To solve the given equation, we can simplify it step by step.
33^(2x) - 712^x + 4*4^(2x) = 0
Rewrite the terms using exponents:
3(3^x)^2 - 7(2^2 3^x) + 4(2^2)^x = 0
Now, let's simplify the terms further:
3(3^x)^2 = 3 9^x = 27^x7(2^2 3^x) = 283^x4(2^2)^x = 44^(2x) = 4 16^x
Substitute these values back into the original equation:
27^x - 283^x + 416^x = 0
Now, we have an equation with terms in a similar form. Let's rewrite it with a single base:
3^x = y
27^x = (3^3)^x = 3^(3x) = y^316^x = (4^2)^x = 4^(2x) = (2^2)^2x = 2^4x = (2^x)^4 = y^4
With these replacements, our equation becomes:
y^3 - 28y + 4y^4 = 0
Now, this equation is a quadratic equation in terms of y.
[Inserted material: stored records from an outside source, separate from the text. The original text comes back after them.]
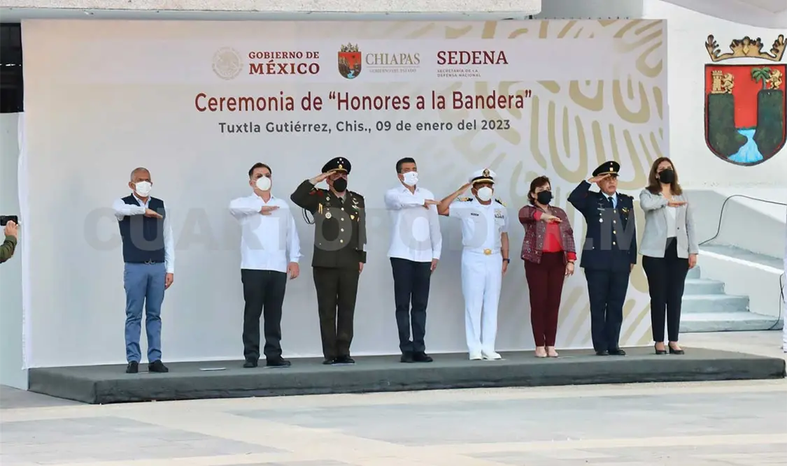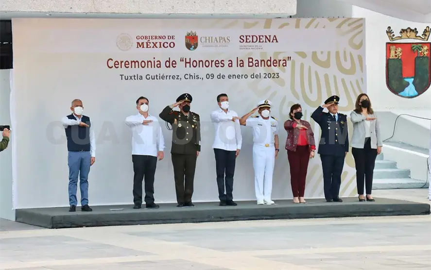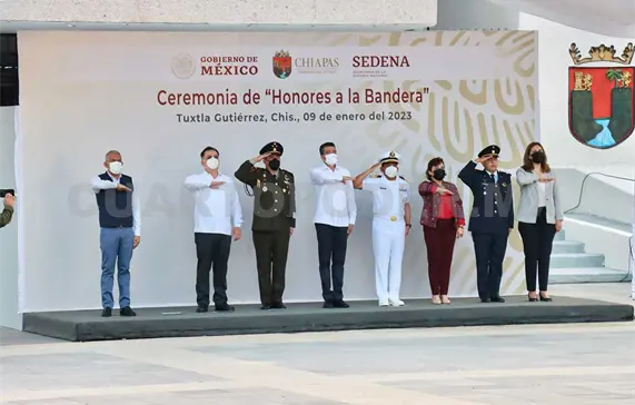 Luego de entonar el Himno Nacional Mexicano y el Himno a Chiapas, el gobernador junto con las y los servidores públicos, integrantes de la 31 Zona Militar, de los planteles educativos y de la sociedad civil, presenciaron el Izado a toda asta de la Bandera Nacional, al tiempo de dar a conocer las efemérides de este mes de enero.
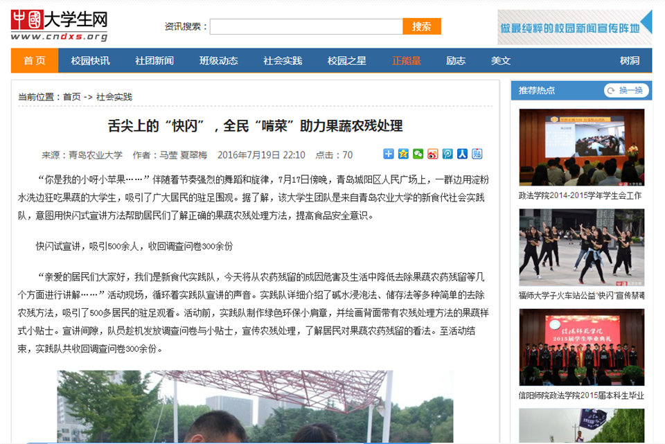 中国大学生网:舌尖上的“快闪”,全民“啃菜”助力果蔬农残处理
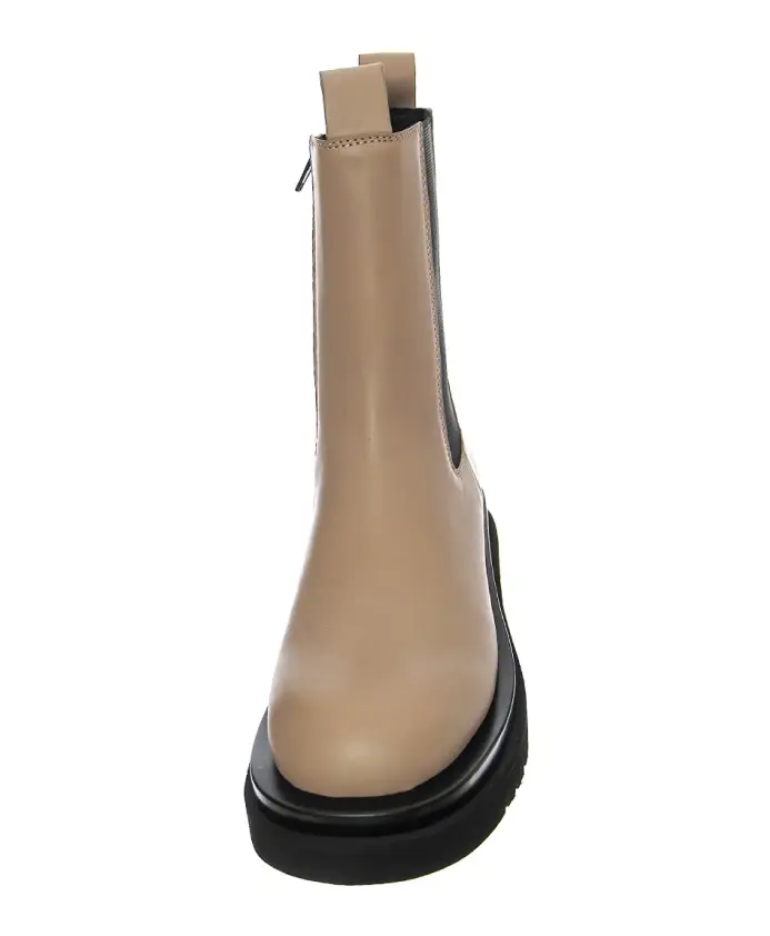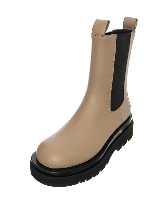 Обновите свой осенне-зимний гардероб с помощью этих женских ботинок челси Jeffrey Campbell. Эти ботинки из бежевой кожи с протектором на щиколотке и эластичными боками оснащены резиновой подошвой для дополнительного комфорта и стиля.
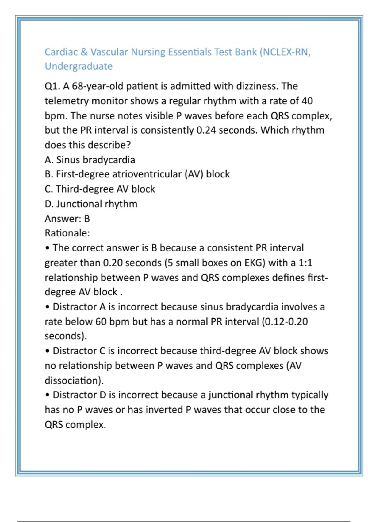 Q2. A nurse reviews an EKG strip for a patient with chest pain.

Let's solve it to find the possible values of y, and then we can go back to find x.
0 = 4y^4 + y^3 - 28y
Let's factor this equation by factoring out y:
0 = y(4y^3 + y^2 - 28)
Now, let's factor the quadratic expression inside the parentheses:
0 = y(4y^2 - 7y + 4)
Factor the quadratic equation:
0 = y(4y^2 - 7y + 4)0 = y(4y^2 - 2y - 5y + 4)0 = y(2y(2y - 1) - 1(2y - 1))0 = y(2y - 1)(2y - 1)
Now, we have three possible solutions for y:
y = 0, y = 1/2, y = 1/2
Now, substitute back the values of y into 3^x = y:
Case 1: y = 03^x = 0This is not possible because 3 raised to any power will never equal 0.
Case 2: y = 1/23^x = 1/2Take the logarithm of both sides:x*log(3) = log(1/2)x = log(1/2)/log(3)
Case 3: y = 13^x = 1x = 0
To summarize, the possible solutions to the original equation are x = log(1/2)/log(3) or x = 0.
To solve the given equation, we can simplify it step by step.
33^(2x) - 712^x + 4*4^(2x) = 0
Rewrite the terms using exponents:
3(3^x)^2 - 7(2^2 3^x) + 4(2^2)^x = 0
Now, let's simplify the terms further:
3(3^x)^2 = 3 9^x = 27^x
7(2^2 3^x) = 283^x
4(2^2)^x = 44^(2x) = 4 16^x
Substitute these values back into the original equation:
27^x - 283^x + 416^x = 0
Now, we have an equation with terms in a similar form. Let's rewrite it with a single base:
3^x = y
27^x = (3^3)^x = 3^(3x) = y^3
16^x = (4^2)^x = 4^(2x) = (2^2)^2x = 2^4x = (2^x)^4 = y^4
With these replacements, our equation becomes:
y^3 - 28y + 4y^4 = 0
Now, this equation is a quadratic equation in terms of y. Let's solve it to find the possible values of y, and then we can go back to find x.
0 = 4y^4 + y^3 - 28y
Let's factor this equation by factoring out y:
0 = y(4y^3 + y^2 - 28)
Now, let's factor the quadratic expression inside the parentheses:
0 = y(4y^2 - 7y + 4)
Factor the quadratic equation:
0 = y(4y^2 - 7y + 4)
0 = y(4y^2 - 2y - 5y + 4)
0 = y(2y(2y - 1) - 1(2y - 1))
0 = y(2y - 1)(2y - 1)
Now, we have three possible solutions for y:
y = 0, y = 1/2, y = 1/2
Now, substitute back the values of y into 3^x = y:
Case 1: y = 0
3^x = 0
This is not possible because 3 raised to any power will never equal 0.
Case 2: y = 1/2
3^x = 1/2
Take the logarithm of both sides:
x*log(3) = log(1/2)
x = log(1/2)/log(3)
Case 3: y = 1
3^x = 1
x = 0
To summarize, the possible solutions to the original equation are x = log(1/2)/log(3) or x = 0.